Skiers from all corners of the world were curious, excited, and ultimately disappointed by the unrealized prospect of a New York City World Cup in the 2015/2016 season. News of the project broke as the International Ski Federation (FIS) began its annual congress June 1st, but the plan was quickly dismissed when the U.S. Ski and Snowboard Association (USSA) withdrew its bid for the event.
With the project on hold the future possibility of a New York City World Cup is uncertain, and with uncertainty comes many questions.
To answer these questions, FasterSkier turned to FIS Subcommittee Chairman on World and Continental Cups and U.S. Ski Team Head Coach, Chris Grover, who recently returned from the FIS Congress in Barcelona, Spain.
Why New York?
According to Grover there were many incentives to host a World Cup in New York City as opposed to a more traditional venue such as Lake Placid or Soldier Hollow.
“New York City is attractive for a lot of reasons,” said Grover in a phone interview. “They actually have a history of putting on winter events, including some skiing events in Central Park. The state of New York and the City of New York also have some money to contribute to brining a winter sport to New York.”
The financial aid from the both the city and the state would have been paired with the organizational support of the New York Olympic Regional Development Authority (ORDA), which is based out of Lake Placid.
Grover also stressed the significance of having a World Cup in what many would say is the most important financial and media center in the world.
“The idea would be to take cross country skiing, a sport that has some growing recognition within the U.S., and to really try and build a lot more recognition of what’s happening; to be able to showcase our athletes in a place where potentially thousands of people are on the side of the track,” said Grover.
A World Cup in New York City would also ensure that many of the circuit’s best skiers would attend, a feat that is often difficult in most North American locations. According to Grover, New York’s proximity to Europe and the structure of the event (two city sprints; individual and team), would have eased many of the complications that World Cup athletes face when traveling to North America.
“The costs of doing [a World Cup] are big, so in order to host an effective event in North America you really do have to make it attractive to athletes that are outside of North America,” he said.
Grover suggested that there could be several other venues in the U.S. that would host a successful U.S. World Cup; mainly northern cities like Chicago. While many traditional cross country venues would deliver challenging terrain and many kilometers of skiing, spectator turnout would be exceptionally low due to the rural nature of most ski areas in the U.S.

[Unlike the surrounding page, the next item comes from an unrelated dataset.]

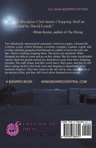 Ten ridiculously stereotypical consumer victims (a yuppie, a housewife, a retiree, a jock, a bible thumper, a cowboy, a preppy, a gamer, a goth, and a white suburban gangsta) find themselves unable to leave the mall one day. There is nothing stopping them. The doors are unlocked. Other shoppers are able to come and go as they please. But for some inexplicable reason, these ten people cannot pry themselves away from their shopping miasma. The mall closes, and they won't leave. Days pass, and they're still there, eating meals in the food court and sleeping in department store bedroom displays. Then they begin to die off, one by one, murdered by a mysterious killer, and they still won't allow themselves to escape.

Furthermore, a media capital like New York City is an excellent place to showcase the rise of U.S. skiing.
“For us, a city sprint has a lot of attractiveness right now because we have such good sprinters,” said Grover. “Our plan for New York City was to do a skate sprint and skate team sprint and those are obviously two events where we can really showcase U.S. athletes in front of a home crowd and hopefully in front of many, many people and raise about cross country skiing in the U.S.”

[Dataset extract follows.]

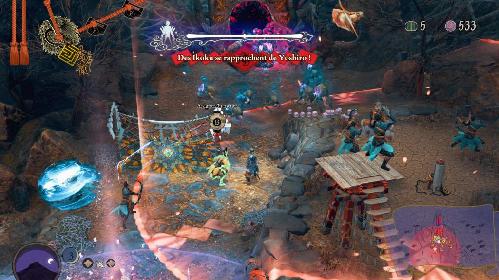 Pour ce qui est du gameplay en lui-même, c’est plutôt bien ficelé. Le côté lourd et compliqué auquel est associé en général les jeux tactique est ici complètement réinventer tout en gardant une base solide. On s’y retrouve très facilement et c’est presque naturellement que l’on effectue nos actions. Le fait que l’on puisse tourner à loisir tout autour de son personnage et cela en temps réel est un vrai plus. Il est vrai que cela peu aussi être un peu confus à certains moments, lors d’affrontements avec de nombreux ennemis, mais c’est assez anecdotique. Je n’ai pour ma part eu aucun gros bug lors de mon aventure. Je ne vous en ai pas encore parlé mais entre chaque zone de combat, vous pourrez également aller dans votre base. Une sorte de hub où vous pourrez améliorer vos villageois, équiper de nouveaux talismans mais aussi réparer certaines zones endommagées lors des affrontements et qui vous permettront d’être plus performant pour la suite de l’histoire. Bref un endroit à ne surtout pas négliger.

Why isn’t a New York City World Cup feasible in 2016?
There were many challenges that organizers faced in the attempt to bring a weekend of World Cup racing to New York City.
First and foremost was the financial burden of the event. Even with support from both the state and city, USSA would have struggled to cover the costs associated with hosting the event.

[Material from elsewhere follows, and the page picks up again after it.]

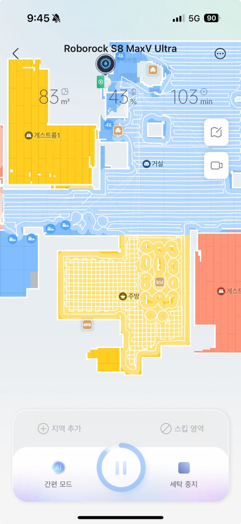 청소를 진행 할 수록 집안 구석구석을 더 정확하게 매핑해서 점점 더 빈틈없이 청소하는 느낌입니다.

The planned timing of the World Cup only exacerbated the financial concerns. Due to a new Canadian Tour in 2016 and other scheduling commitments, the New York City World Cup would have been held in late February. With questionable snow conditions and relatively warmer temperatures in late February, organizers would have had to make more snow and store it for longer, thus increasing the proposed budget.
“It’s not worth doing at the expense of having to underwrite a project that basically has us spending more on that project than we do on our budget for just one weekend of racing,” said Grover.
Another reason that the New York World Cup was scratched involved the timing of the application. According to Grover, the bid for a New York City World Cup was submitted too late, consequently giving New York City and USSA too little time to prepare.
In addition, there were already too many World Cups in the schedule even before the New York application was submitted.
“We try to have these well-kept calendars in place several years in advance so that organizers know that they are going to have a World Cup, know when they are going to have a world cup and can really start to do all of the planning that is required for the event,” said Gover. “So we came to the process a little bit late and at this point one of the big challenges we had with the 2015/2016 season is that were already too many world cups in it.”
“We’re not giving up on it.”
According to Grover, both the USSA and FIS are still pursuing a New York City World Cup in the coming years.
“We’re not giving up on it. That’s the important thing. We have the marketing department at USSA that is motivated to see this happen. We have a media department and an events department that are very motivated to see it happen. And of course, those of us on the cross country side are also motivated to see it happen as long as we can find a financial model that makes sense,” said Grover.
In order to overcome the many challenges of hosting a World Cup, Grover suggested partnering with Canada.
“If we can partner with more Canadian World Cups then we can entice all the European teams.”
FIS has yet to complete the cross country calendars for seasons after 2016, but Grover believes the next possibility for New York would be in the 2017/2018 season. However, with the Olympic games in South Korea that February, scheduling will once again be a challenge.